La fracture du pays en deux est un phénomène pérenne aux racines culturelles, religieuses et historiques. L’apport de la démocratie représentée par la révolution Orange (Maidan) ne l’a pas réduit puisque les différences longtemps étouffées par l’unanimisme soviétique s’expriment enfin dans les urnes.
Et en plus, comme le souligne Zbigniew Brzezinski, ancien conseiller à la sécurité nationale américain : « Sans l’Ukraine, la Russie cesse d’être un empire ». Pour les Russes, la perspective de voir l’Ukraine adhérer à l’Union Européenne – initiée en 2004 – et/ou à l’Otan agit comme un chiffon rouge.
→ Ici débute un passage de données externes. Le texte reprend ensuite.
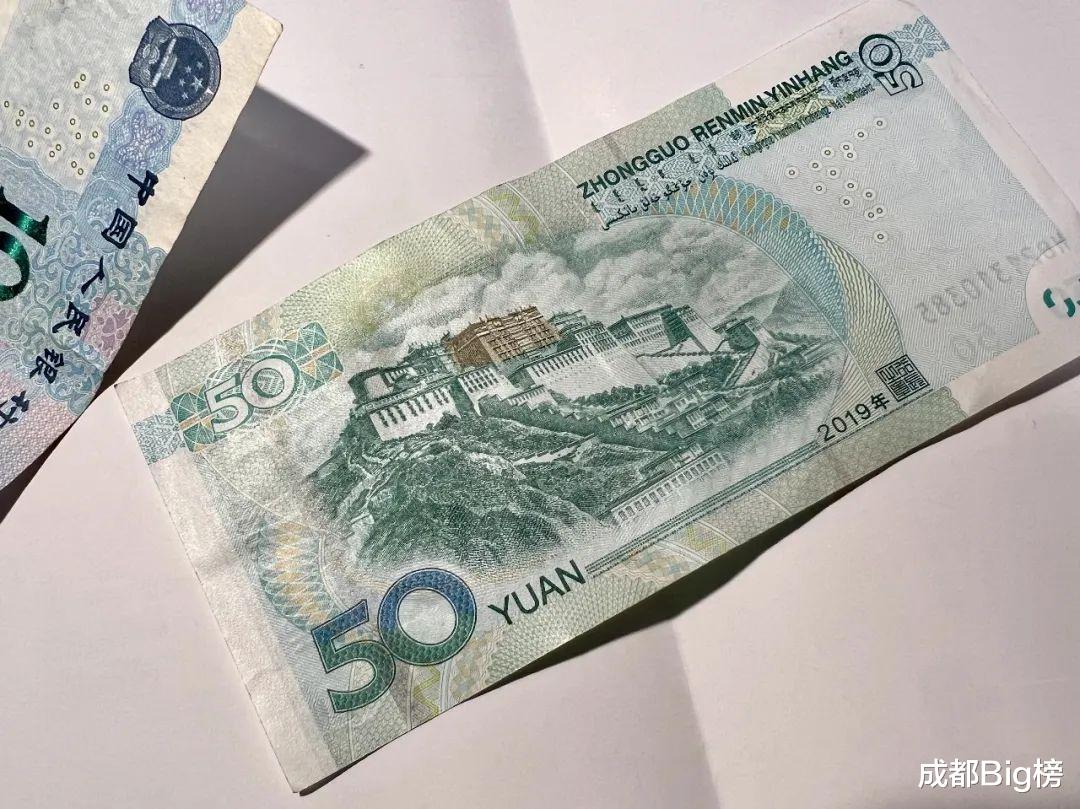两块的纸币早已被取消,“什么时候开始的?50块面额上的布达拉宫,竟然是金色。”

Voilà quelques éléments de cette histoire terrible, qui voit émerger sous les bombardements une identité ukrainienne jamais vue avant ce conflit tragique.
L’avantage de ce livre – dont la remise à jour date d’avril 2021 – est qu’il n’est pas écrit par un universitaire mais par un journaliste et écrivain, spécialiste de la Russie, ancien correspondant à Moscou, donc d'une écriture fluide, avec quelques notes de bas de page claires, une documentation très fournie.
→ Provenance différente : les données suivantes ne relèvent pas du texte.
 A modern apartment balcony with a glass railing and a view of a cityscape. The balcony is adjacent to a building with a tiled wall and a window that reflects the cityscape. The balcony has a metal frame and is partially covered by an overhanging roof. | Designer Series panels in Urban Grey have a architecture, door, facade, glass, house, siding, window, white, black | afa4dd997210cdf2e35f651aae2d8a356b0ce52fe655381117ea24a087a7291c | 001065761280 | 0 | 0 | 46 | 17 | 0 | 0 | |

On y perçoit l'immense incompréhension de deux peuples slaves pourtant si proches ...
Ma conclusion, c'est que la mauvaise foi est générale, du côté des Occidentaux comme des Russes, et des Ukrainiens qui n'ont pas respecté les accords de Minsk. Le paradoxe est que le principal thème de campagne du président Zelensky (très majoritairement élu) était la nécessité d'entamer des négociations avec la Russie sur l'autonomie des provinces russophones de l'est et sur la Crimée (qui avait approuvé massivement son rattachement à la Russie par un referendum refusé par l'Occident alors qu'il avait été accepté pour le Kosovo).
L’Ukraine, une histoire entre deux destins, par Pierre Lorrain, éditions Bartillat, 686 p., 25€.